Nearly 5 years ago, my husband’s precious maternal grandmother passed away. This special woman had an amazing sense of humor and a flair for life. Without saying a word, she could make me laugh with just a look. Several years before her death, she visited a local funeral home in order to plan her funeral services. When she passed away, the family didn’t have to deal with the stress of organizing her farewell services. They could relax, grieve, and concentrate on the wonderful memories they shared with her. I've grown to appreciate this. On this blog, you will discover the steps required to plan your own funeral.

Planning Your Funeral

Four Times When Cremation May Be The Best Option

Nora Mitchelle

When a loved one passes away, the overwhelming grief can make it tough to think through decisions and make wise choices.

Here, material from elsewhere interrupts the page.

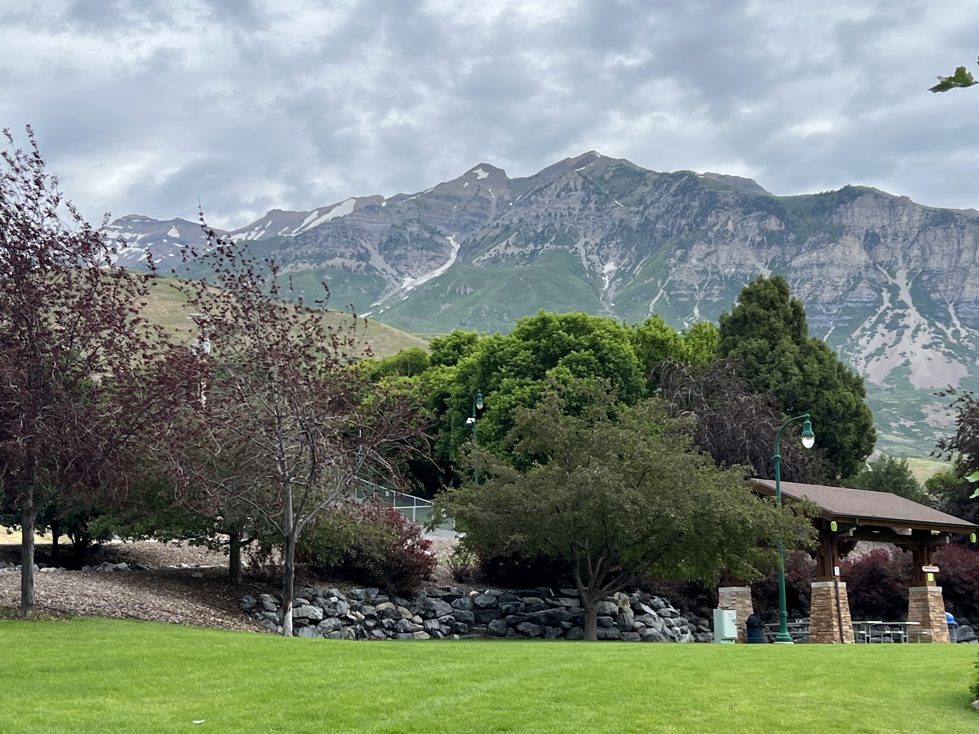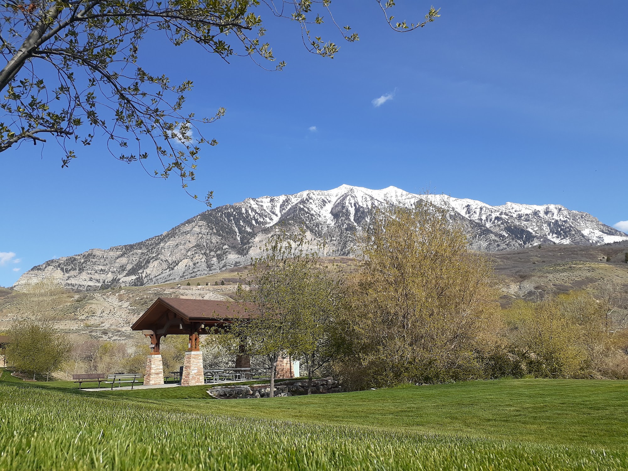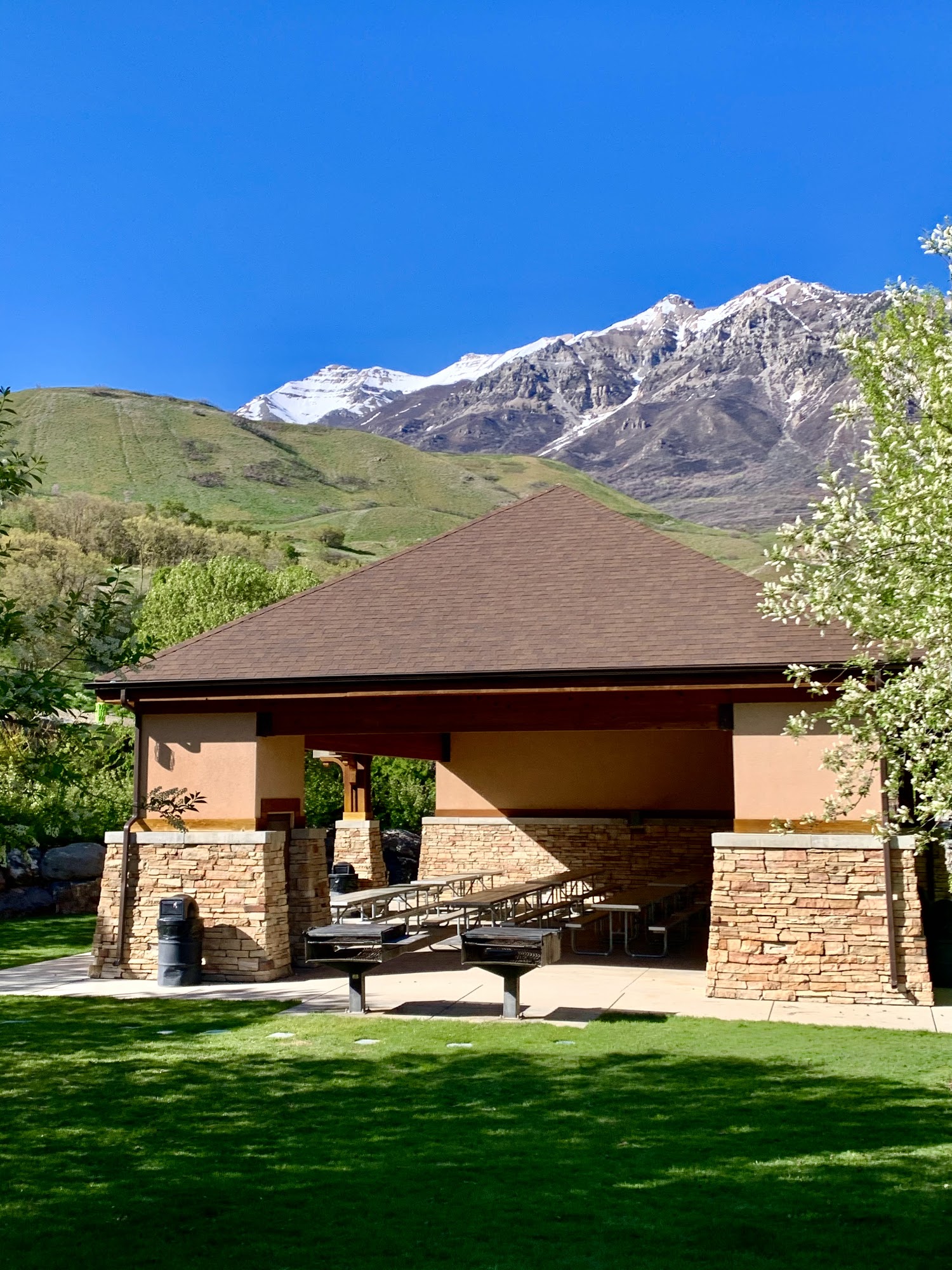 Mount Timpanogos Park is a nice, gorgeous mountain park and a true hidden gem. It is a wonderful area for a picnic, hike, fish, or to just relax near the Provo River. The park offers open space, reservations pavilions, and well-kept bathrooms. It is great for walks, casual visits, and gatherings, with free yoga on Sundays in the summer. While there is no playground and the dog park is rocky and hilly, the overall space is clean, well-maintained, and not overly crowded. It is a cool, relaxing place to be near the water, chill in the trees, or enjoy the spectacular gardens.

One of the biggest choices you will need to make during this time of loss is how to handle your loved one's remains. Many people opt for a typical embalming and burial, but there is another option: cremation. Here are four instances in which cremation may be the best choice for your loved one's remains.

1. Your loved one wished to be cremated.

If your loved one left behind a will or final wishes, make sure you look these documents over before the funeral. The documents may specify how your loved one wanted to have their body handled. If your loved one requested cremation, it is respectful to honor those wishes. This also applies if you had a conversation with your loved one while they were alive during which they expressed a desire for cremation. 

2. Your loved one's body was badly damaged.

If your loved one died in a traumatic way, such as during a car wreck or from cancer that ravaged their body, you may wish to have them cremated as an alternative to having an open-casket viewing. Seeing your loved one in a less-than-ideal state may be hard and may not bring you the closure you need. Cremation is a respectful way to handle the body without forcing yourself and others to visualize the trauma your loved one went through.

3. The funeral budget is limited.

Cremation is often a lot cheaper than a traditional funeral and burial. You do not have to pay for a casket or for a burial space. If funds are limited because the deceased did not have a life insurance policy or savings, cremation may be a good way to honor their memory without causing your family financial stress. Your loved one would probably not have wanted you to go into debt for their final wishes!

4. Your loved one was very eco-conscious.

If your loved one was very interested in environmentalism, you may wish to have them cremated because it tends to be a better choice for the planet. Ashes are a natural product that will break down in the soil, whereas embalming fluid is not.